Фрэнсис просил новые штаны до колен, ранец красной кожи, пять рубашек и галстук бабочкой.
— Очень мило, — не совсем искренне сказала я. — А нам с Джимом подарили духовые ружья, и Джиму ещё химический набор…
— Наверно, игрушечный.
— Нет, настоящий. Он для меня сделает невидимые чернила, я ими буду писать Диллу письма.
Фрэнсис спросил, для чего это надо.
— Как ты не понимаешь? Он получит от меня письмо, а там, пустая бумажка — он совсем одуреет!
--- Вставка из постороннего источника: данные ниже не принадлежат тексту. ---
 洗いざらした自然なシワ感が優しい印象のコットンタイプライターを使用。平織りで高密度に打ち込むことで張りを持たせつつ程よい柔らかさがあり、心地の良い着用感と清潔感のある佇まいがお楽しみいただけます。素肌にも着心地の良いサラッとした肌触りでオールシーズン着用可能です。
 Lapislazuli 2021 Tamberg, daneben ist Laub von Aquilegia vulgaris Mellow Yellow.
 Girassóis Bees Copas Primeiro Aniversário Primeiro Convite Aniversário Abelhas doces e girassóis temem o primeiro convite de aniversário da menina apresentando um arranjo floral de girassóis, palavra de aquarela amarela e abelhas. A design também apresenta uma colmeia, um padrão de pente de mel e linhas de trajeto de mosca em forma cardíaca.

С Фрэнсисом говорить — всё равно, что медленно опускаться в океан, на самое дно. В жизни не видала другого такого нудного мальчишки. Он жил в Мобиле и потому не мог ябедничать на меня учителям, зато ухитрялся всё, что знал, рассказывать тёте Александре, а она изливалась Аттикусу, а он иногда в одно ухо впустит, в другое выпустит, а иногда отругает меня вовсю — это уж как ему вздумается. А один раз он сказал ей, повысив голос:
— Сестра, я воспитываю их, как могу!
Никогда ещё я не слышала, чтобы он кому-либо отвечал так резко. Кажется, разговор начался с того, что я щеголяю в комбинезоне, как мальчишка.
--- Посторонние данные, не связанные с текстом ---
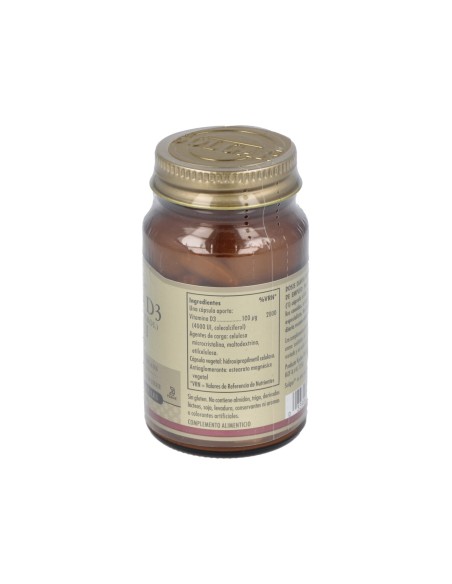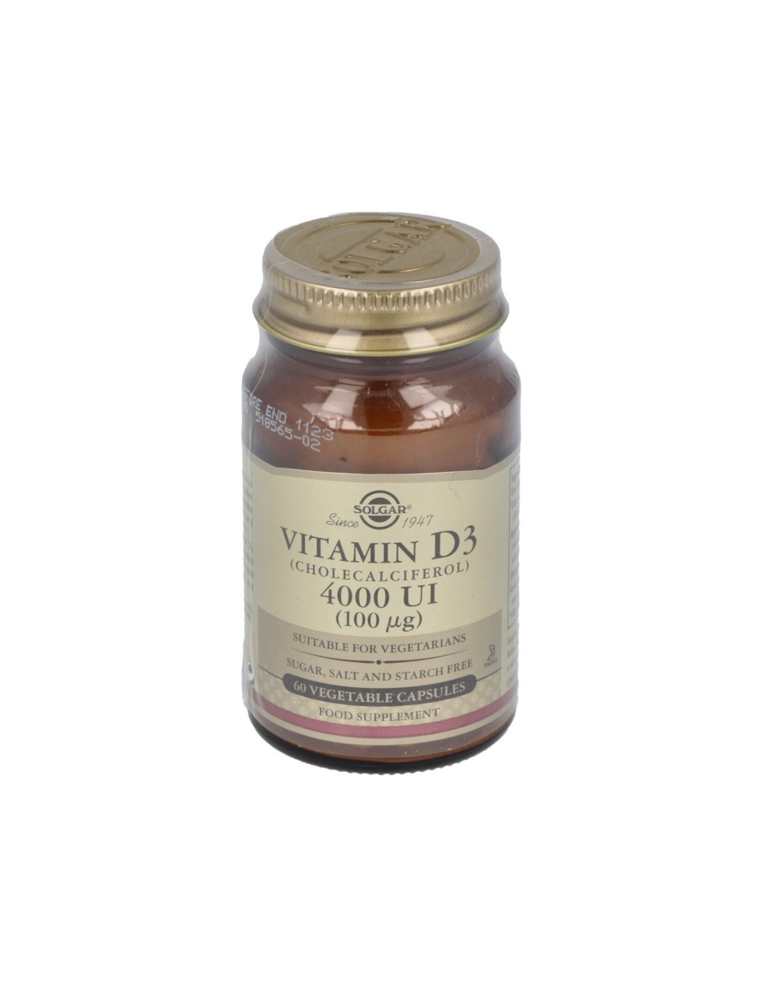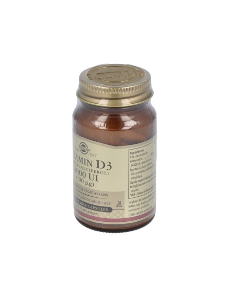 Vitamina necesaria para la síntesis del calcio y para apoyar una correcta protección de la estructura ósea. Apto para vegetarianos.Precauciones:No recomendado para niños.Los complementos alimenticios no deben usarse como sustitutos de una dieta equilibrada ni de un modo de vida sano.No superar la dosis recomendada.Mantener fuera del alcance de los niños más pequeños.Composición:Por 1 cápsula:Vitamina D3 (4000 UI, colecalciferol)… 100 µg Diluyentes: celulosa microcristalina, maltodextrina: cubierta de la cápsula vegetal: hidroxipropilmetilcelulosa: antiaglomerante: estearato de magnesio vegetal.Modo de empleo:Tomar 1 al día, preferentemente con las comidas o según indicación de un especialista.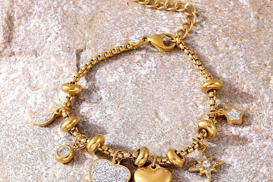 Ett vackert guldpläterat armband med olika berlocker som hjärtan, stjärnor och en måne. Armbandet har en justerbar längd.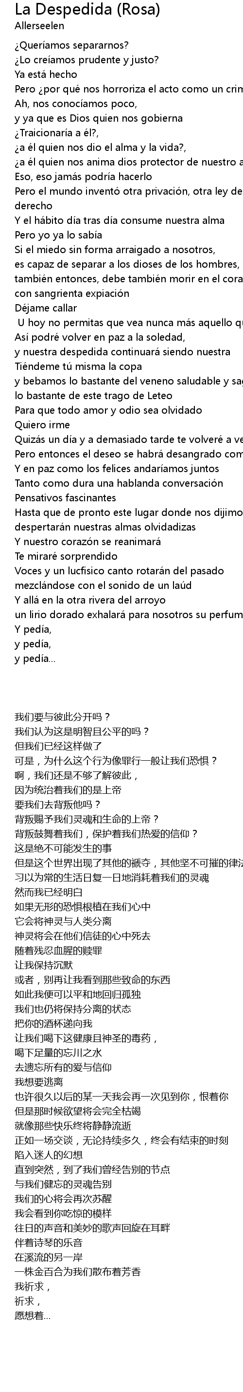 | 歌曲 | La Despedida (Rosa) |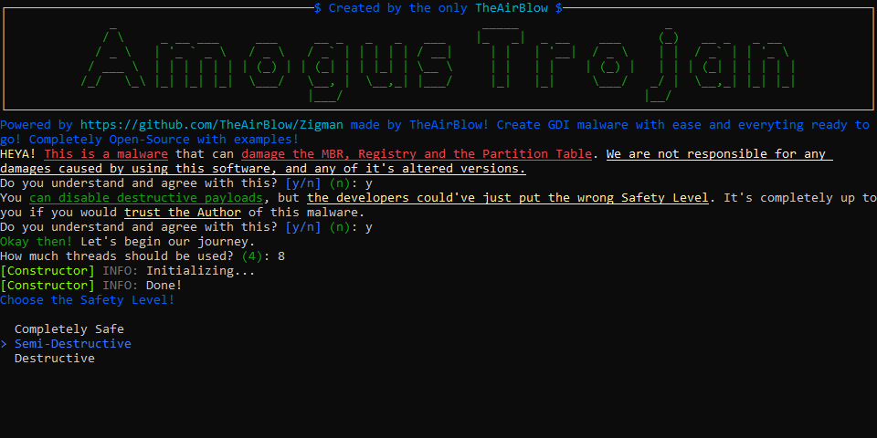 Zigman allows you to create GDI malware and also destroy the MBR, Partition Table and the Registry.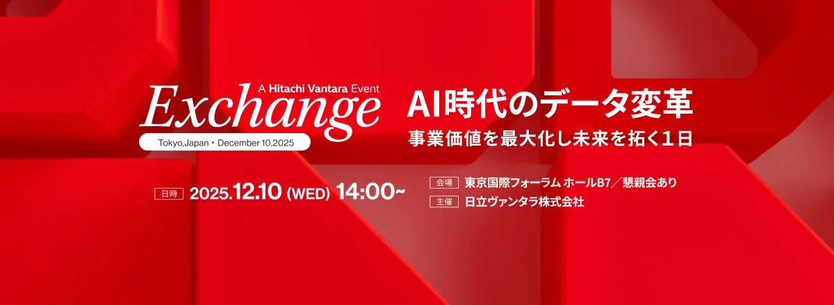 日立ヴァンタラ株式会社は、2025年12月10日(水)、日本で初めてとなるカンファレンス「Hitachi Vantara Exchange Japan 2025」を開催します。このイベントは「AI時代のデータ変革~事業価値を最大化し未来を拓く~」をテーマに、AIやデータ活用の重要性について深掘りすることを目的としています。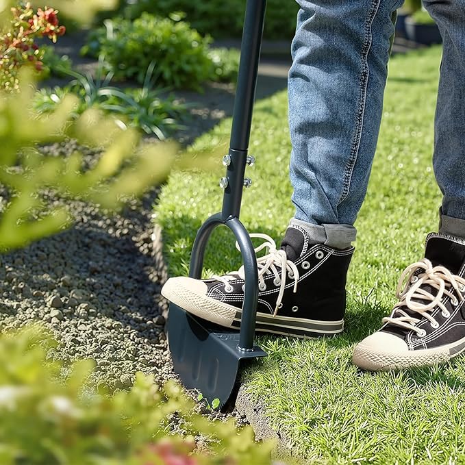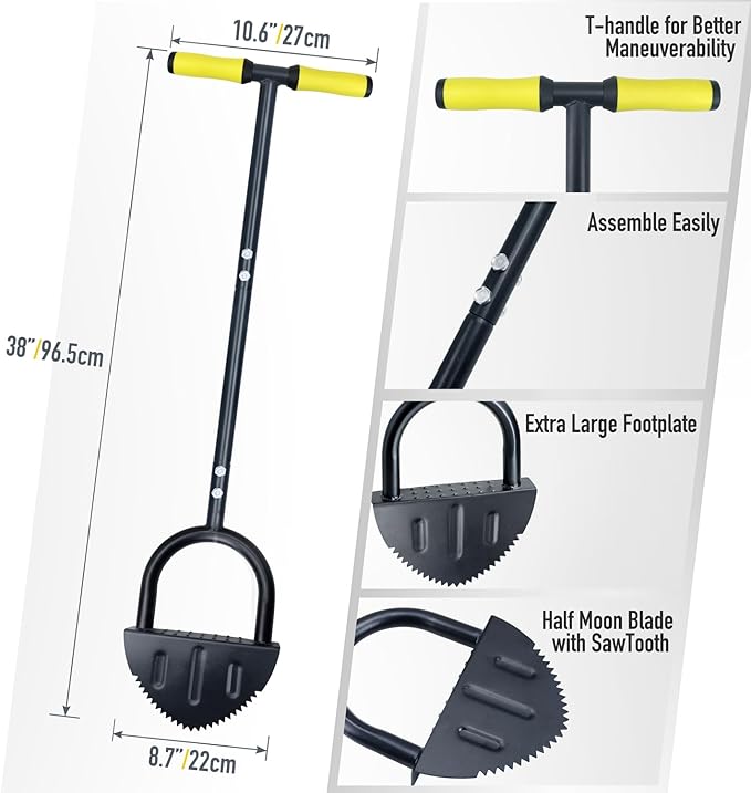 - SAVES YOUR BACK & KNEES -- 39" edger lawn tool with long handle, lets you edging without having to bend over or go down to your knees. T-handle with soft cushion for comfort & better maneuverability.

Тётю Александру просто терзала забота о моём гардеробе. Если я буду разгуливать в штанах, из меня никогда не выйдет настоящей леди; я сказала — в платье и делать-то ничего нельзя, а тётя Александра ответила — незачем мне заниматься такими делами, для которых надо носить штаны. По понятиям тёти Александры, мне полагалось играть маленькими кастрюльками и чайными сервизами и носить ожерелье из искусственного жемчуга, которое она мне подарила, когда я родилась; и к тому же я должна озарять светом одинокую жизнь моего отца. Я сказала — можно ходить в штанах и всё равно озарять светом, но тётя сказала, — нет, надо быть как луч света, а я родилась хорошей девочкой, а теперь год от году становлюсь всё хуже и непослушнее. Она без конца меня оскорбляла и пилила, и я спросила Аттикуса, но он сказал — хватит в нашей семье лучей света, и пускай я занимаюсь своими делами, а ему я в общем и такая вполне гожусь.
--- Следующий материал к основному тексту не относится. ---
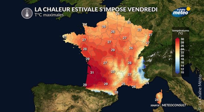 Vendredi, le beau temps bien ensoleillé s'impose. Après des températures agréables le matin, les valeurs sont en hausse l'après-midi, avec de 24 à 32°C du nord au sud. C'est en Aquitaine qu'il fera le plus chaud.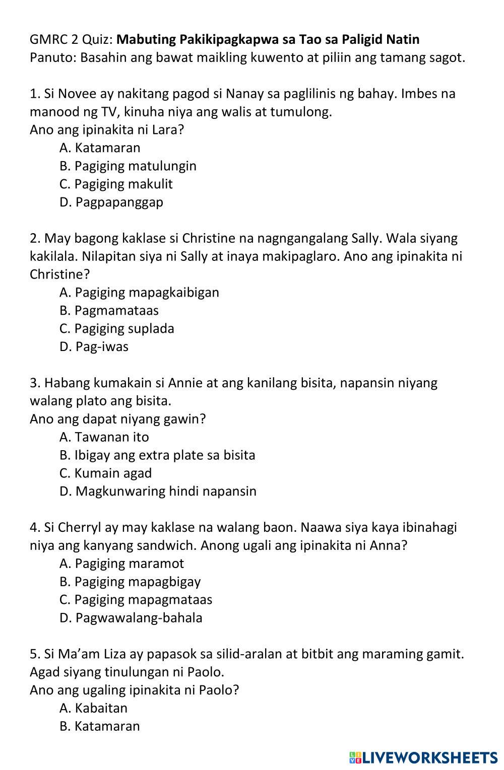 Panuto: Basahin ang bawat maikling kuwento at piliin ang tamang sagot.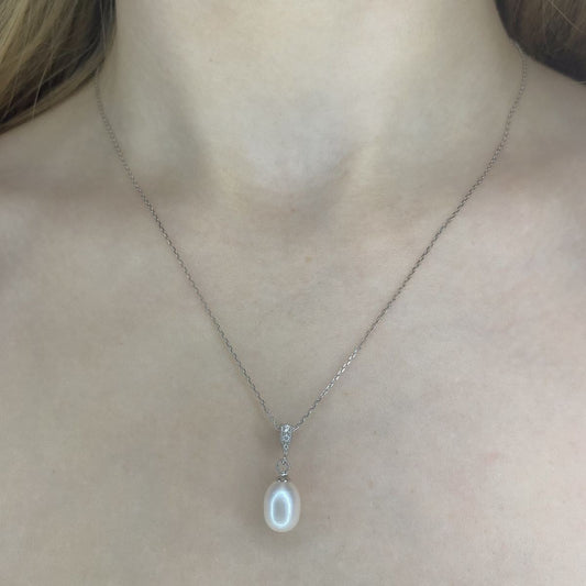Sterling Silver Rhodium Plated Pearl Pendant Necklace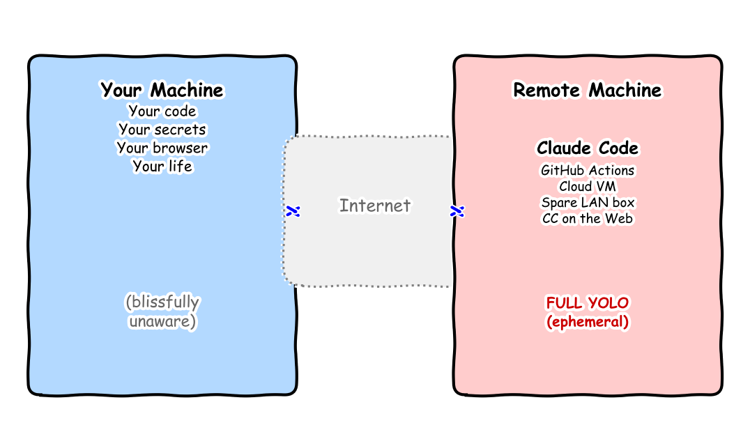 Use remote execution (GitHub Actions, CC on the web) when you want the agent completely off your machine. Perfect for CI/CD automation or when working on sensitive codebases. The tradeoff is latency, less interactivity, and dependence on external infrastructure.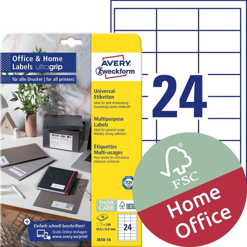 Die weissen, permanent haftenden Universal-Etiketten 3658-10 im Format 64,4 x 33,8 mm von AVERY ZWECKFORM eignen sich z.B. zur Eigentumskennzeichnung und als Adressaufkleber (240 Etiketten/Pack). Die 10-Blatt-Kleinpackung ist perfekt geeignet für den Bedarf im Home Office. Dank der innovativen ultragrip-Technologie können Sie sich auf einen ultrapräzisen Druckereinzug und absolut staufreien Druckerdurchlauf verlassen. Die QCT-Sicherheitskante verhindert Klebstoffablagerungen im Drucker. Die Etiketten sind für alle gängigen Laser- und Inkjet-Drucker geeignet. Der problemlose Etikettendruck auf Laser-Druckern wurde sogar vom TÜV SÜD getestet und bestätigt. Die Aufkleber kleben zuverlässig auf Papier, Karton, Glas und Kunststoffen und überzeugen mit einem klaren Druckbild ohne Verwischen.Gestalten und drucken Sie Ihre Aufkleber schnell und einfach mit den Avery Zweckform gratis Vorlagen im Design&Print Online Designer oder den im Microsoft® Office Paket integrierten Basis-Vorlagen. Schnelle und effiziente Anwendung dank QuickPEEL-Abziehhilfe.Das klimaneutrale Unternehmen Avery Zweckform verwendet schon seit 2014 ausschliesslich Ökostrom/-gas. Forschung, Entwicklung, Produktion, Logistik und Verwaltung am Firmenstandort in Oberlaindern/Bayern garantieren höchste Qualitätsstandards, hohe Umweltvorgaben und kurze Lieferwege. Das Obermaterial dieser chlorfrei gebleichten Etiketten wird zu 100% aus FSC®-zertifiziertem Papier aus nachhaltig bewirtschafteten Wäldern hergestellt.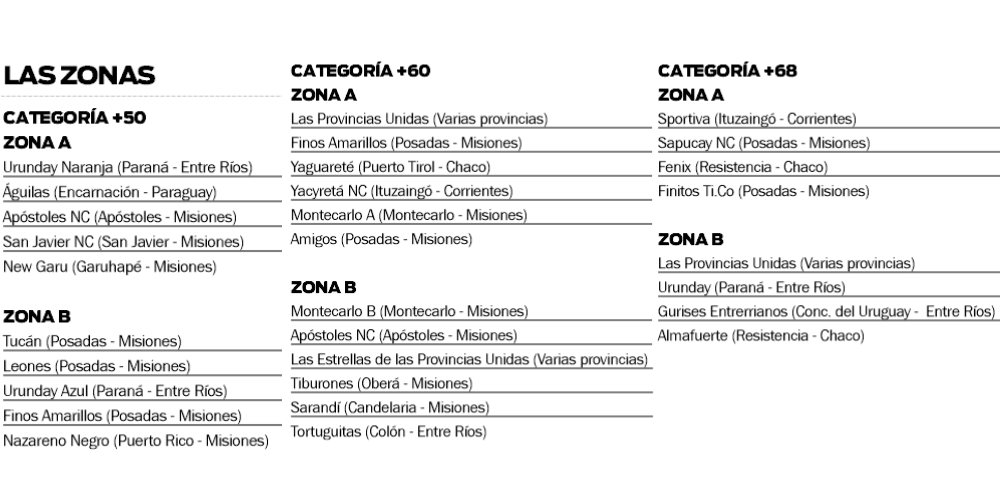 Misiones tiene 14 representantes, con equipos de Posadas, Candelaria, Oberá, San Javier, Garuhapé, Puerto Rico, Montecarlo y Apóstoles. Además también están en competencia equipos de Chaco, Corrientes, Entre Ríos y Encarnación, Paraguay.

Во время праздничного обеда меня посадили в столовой отдельно за маленький столик; Джим и Фрэнсис обедали со взрослыми. Тётя Александра ещё долго сажала меня отдельно, когда Джим и Фрэнсис уже перешли за большой стол. Я часто думала, чего она боится — вдруг я встану и швырну что-нибудь на пол? Иногда мне хотелось её попросить — пускай один раз позволит мне посидеть со всеми и сама увидит, я прекрасно умею себя вести за большим столом, ведь дома я обедаю со всеми каждый день, и ничего такого страшного не случается. Я попросила Аттикуса, может, тётя его послушается, но он сказал — нет, мы гости, и наше место там, куда посадит хозяйка. И ещё сказал — тётя Александра не очень разбирается в девочках, у неё своих не было.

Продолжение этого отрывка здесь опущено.